Supplied records START

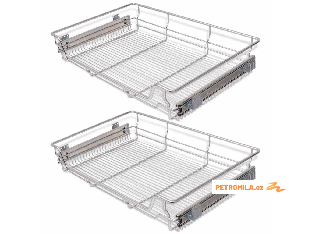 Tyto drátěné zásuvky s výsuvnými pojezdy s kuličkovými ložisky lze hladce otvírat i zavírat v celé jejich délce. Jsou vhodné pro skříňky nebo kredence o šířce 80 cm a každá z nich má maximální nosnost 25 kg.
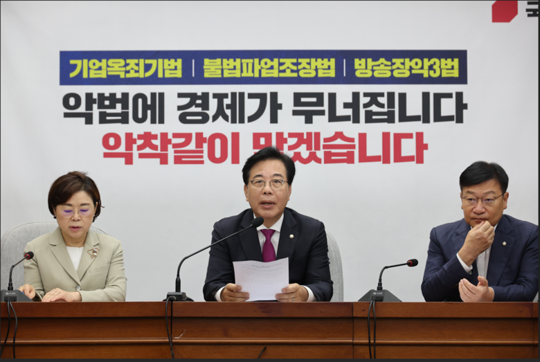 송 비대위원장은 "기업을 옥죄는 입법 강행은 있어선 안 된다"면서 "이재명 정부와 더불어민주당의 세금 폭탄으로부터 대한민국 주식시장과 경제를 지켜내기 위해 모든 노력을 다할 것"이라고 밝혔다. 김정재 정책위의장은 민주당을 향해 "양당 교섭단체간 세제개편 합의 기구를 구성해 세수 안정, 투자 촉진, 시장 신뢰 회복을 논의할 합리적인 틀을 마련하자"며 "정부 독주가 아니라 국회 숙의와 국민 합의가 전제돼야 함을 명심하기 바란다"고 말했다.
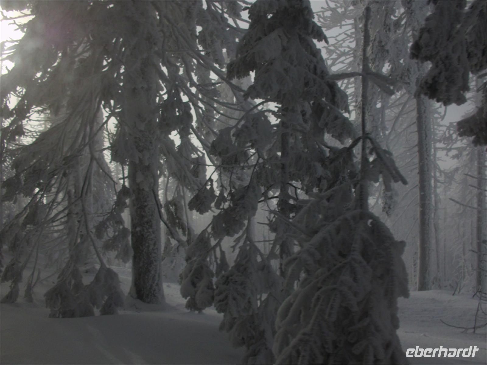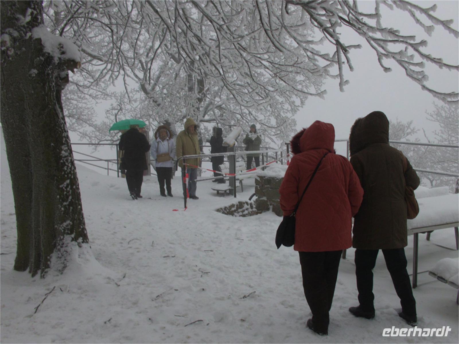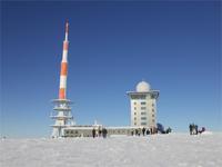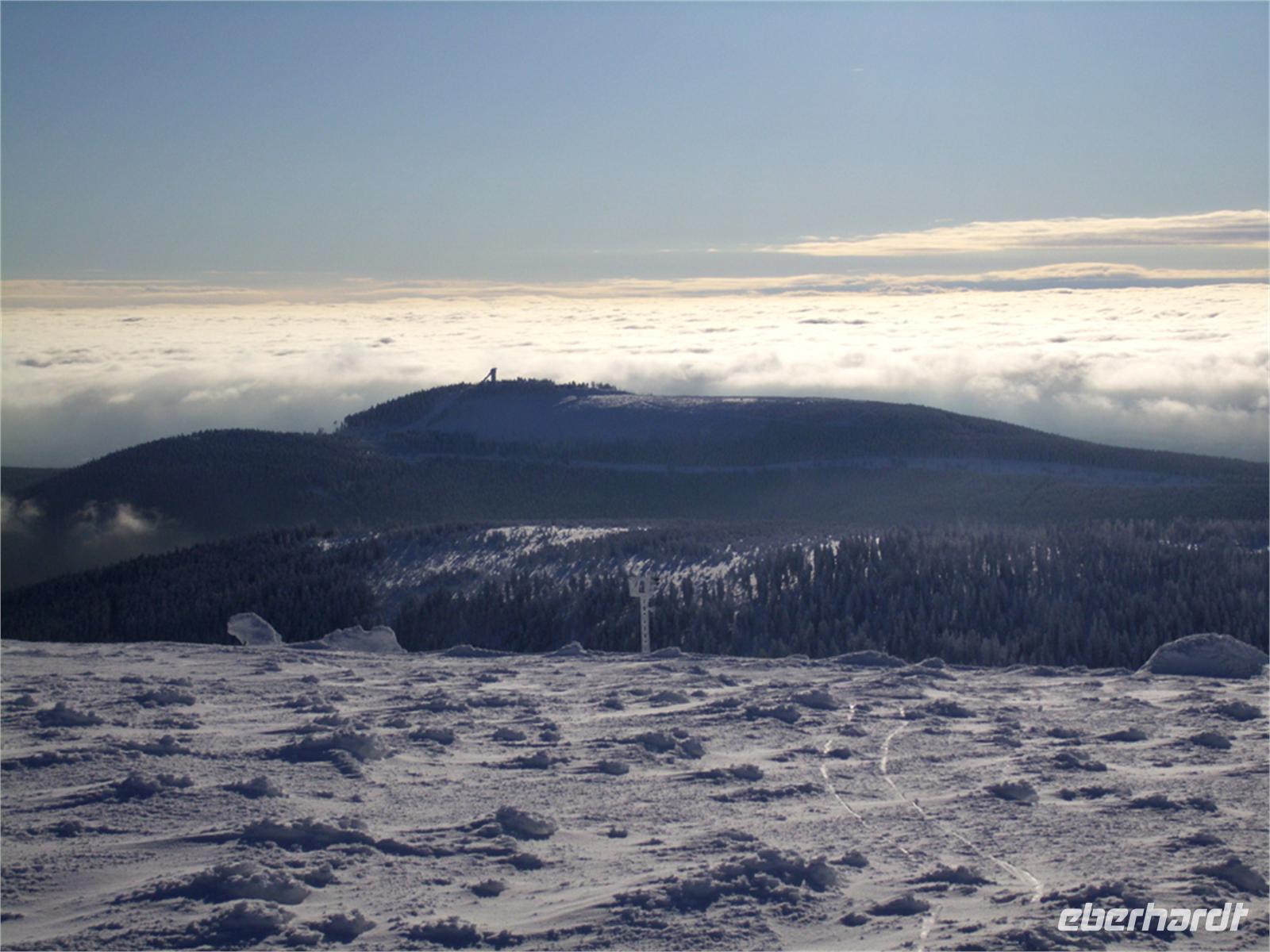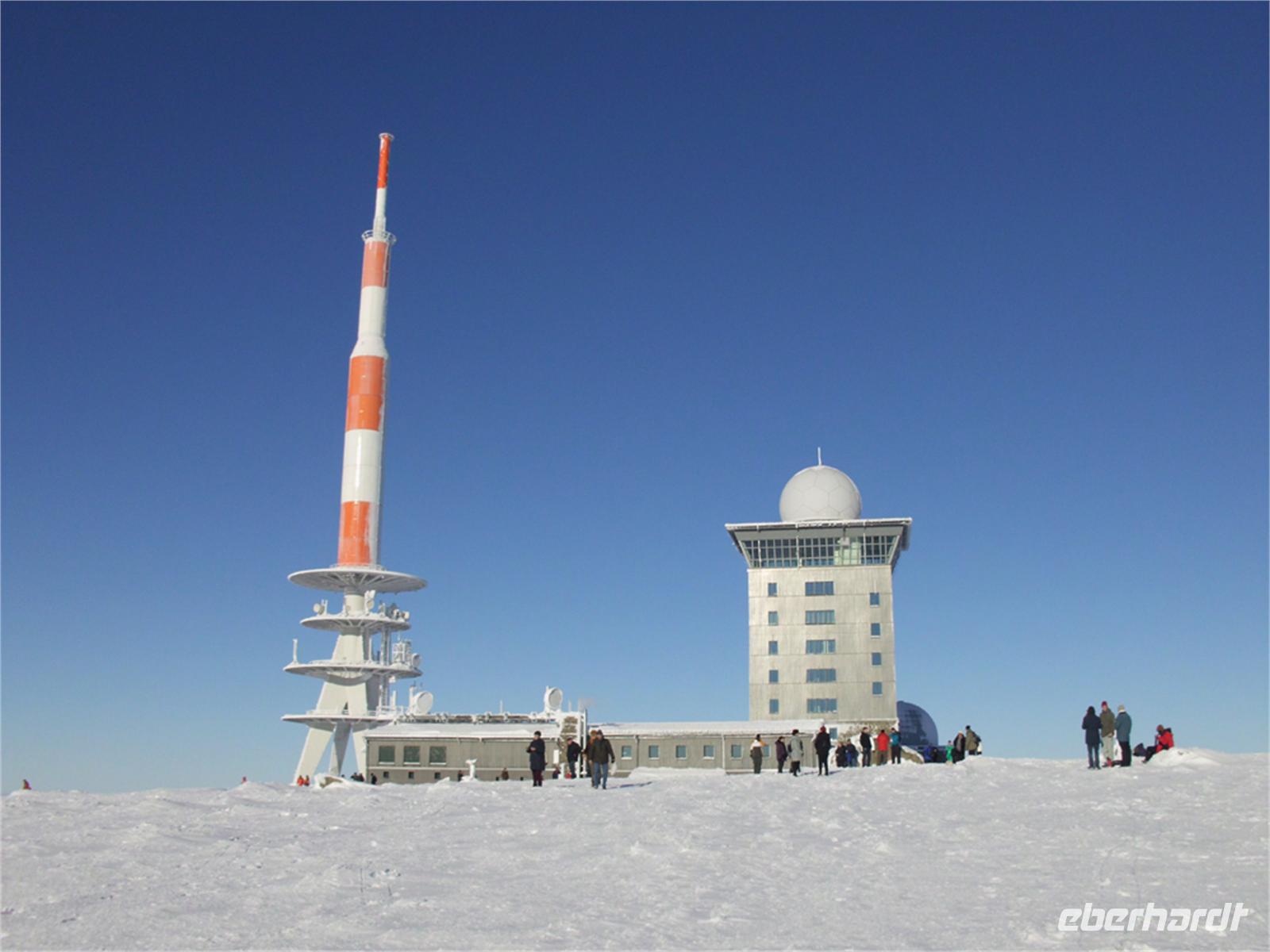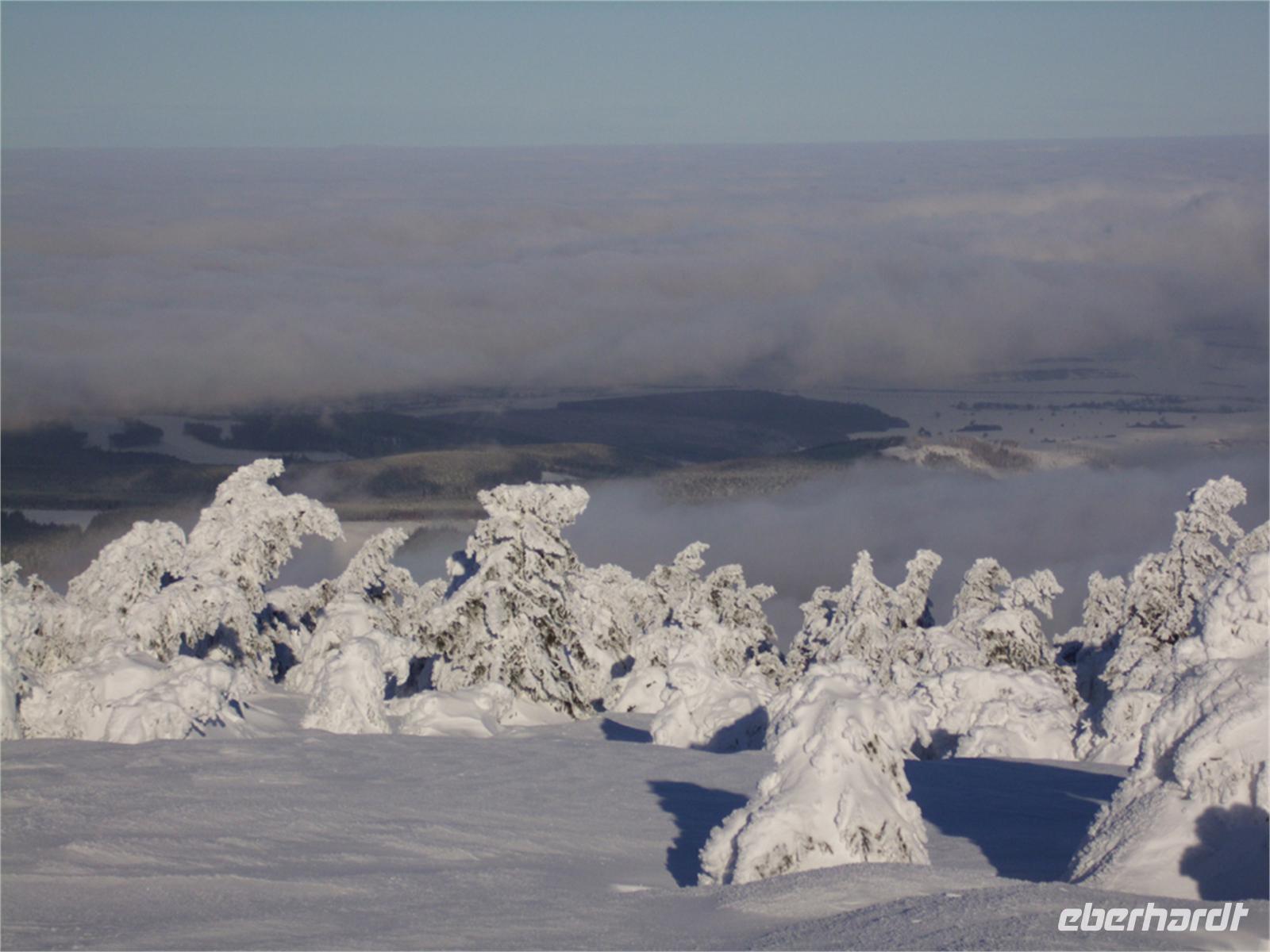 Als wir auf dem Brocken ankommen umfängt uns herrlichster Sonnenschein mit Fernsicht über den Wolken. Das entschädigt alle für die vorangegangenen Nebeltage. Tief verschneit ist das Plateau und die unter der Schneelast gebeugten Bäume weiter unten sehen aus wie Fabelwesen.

Supplied records END
Supplied records START

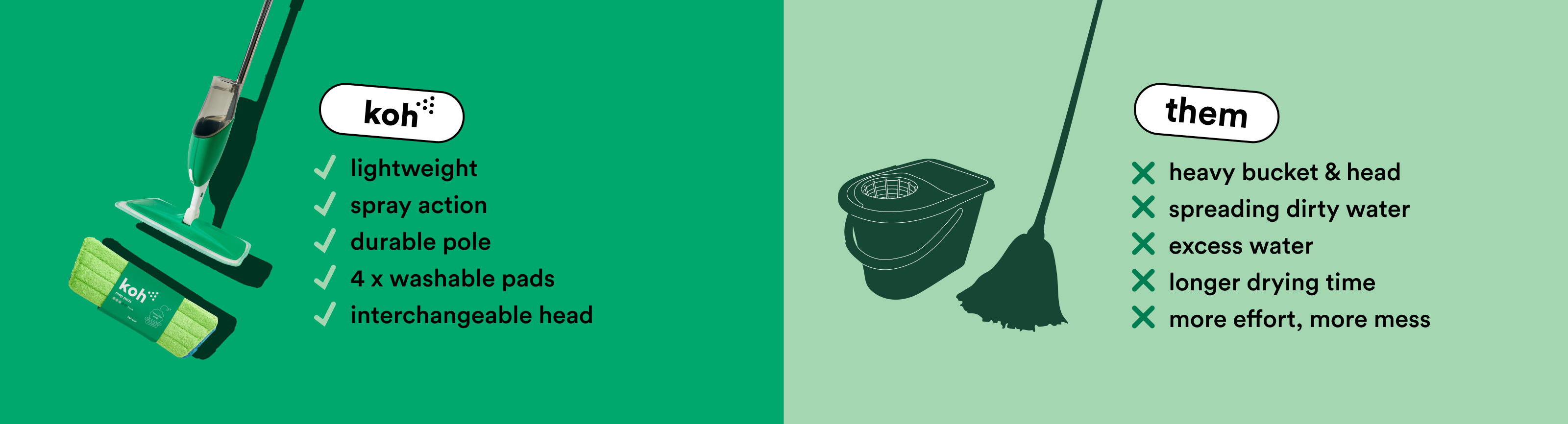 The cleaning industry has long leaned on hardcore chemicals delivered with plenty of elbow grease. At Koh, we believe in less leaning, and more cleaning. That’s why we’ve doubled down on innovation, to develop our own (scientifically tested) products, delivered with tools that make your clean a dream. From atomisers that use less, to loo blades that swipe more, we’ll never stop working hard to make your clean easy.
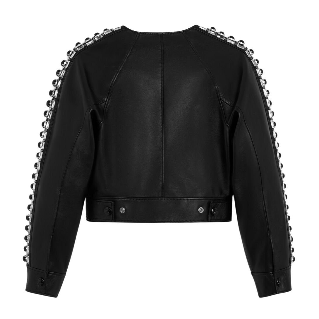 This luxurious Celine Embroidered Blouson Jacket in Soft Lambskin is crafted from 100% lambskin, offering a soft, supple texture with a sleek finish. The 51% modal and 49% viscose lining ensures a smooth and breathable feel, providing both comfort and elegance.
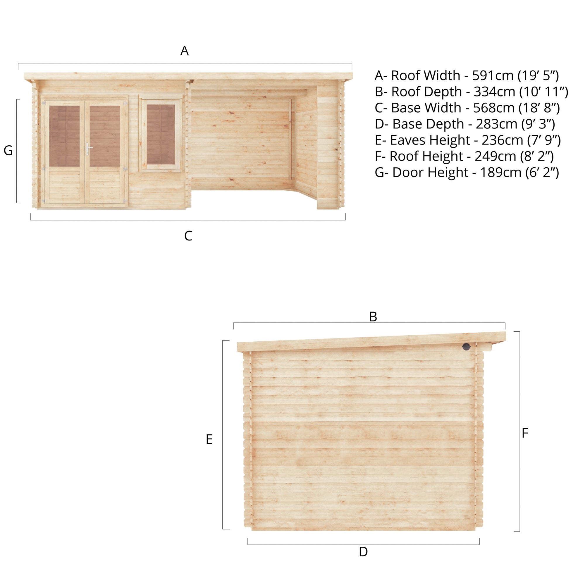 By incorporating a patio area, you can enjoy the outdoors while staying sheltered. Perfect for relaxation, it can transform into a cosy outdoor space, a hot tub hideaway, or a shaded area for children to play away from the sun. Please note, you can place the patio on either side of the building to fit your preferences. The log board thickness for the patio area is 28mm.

Supplied records END

* _What you need to do_
Beginning with the line above that contains "This luxurious Celine" and finishing with the line that contains "By incorporating a", print those lines exactly and only. Skip all pictures.

* _Result_
 This luxurious Celine Embroidered Blouson Jacket in Soft Lambskin is crafted from 100% lambskin, offering a soft, supple texture with a sleek finish. The 51% modal and 49% viscose lining ensures a smooth and breathable feel, providing both comfort and elegance.
 By incorporating a patio area, you can enjoy the outdoors while staying sheltered. Perfect for relaxation, it can transform into a cosy outdoor space, a hot tub hideaway, or a shaded area for children to play away from the sun. Please note, you can place the patio on either side of the building to fit your preferences. The log board thickness for the patio area is 28mm.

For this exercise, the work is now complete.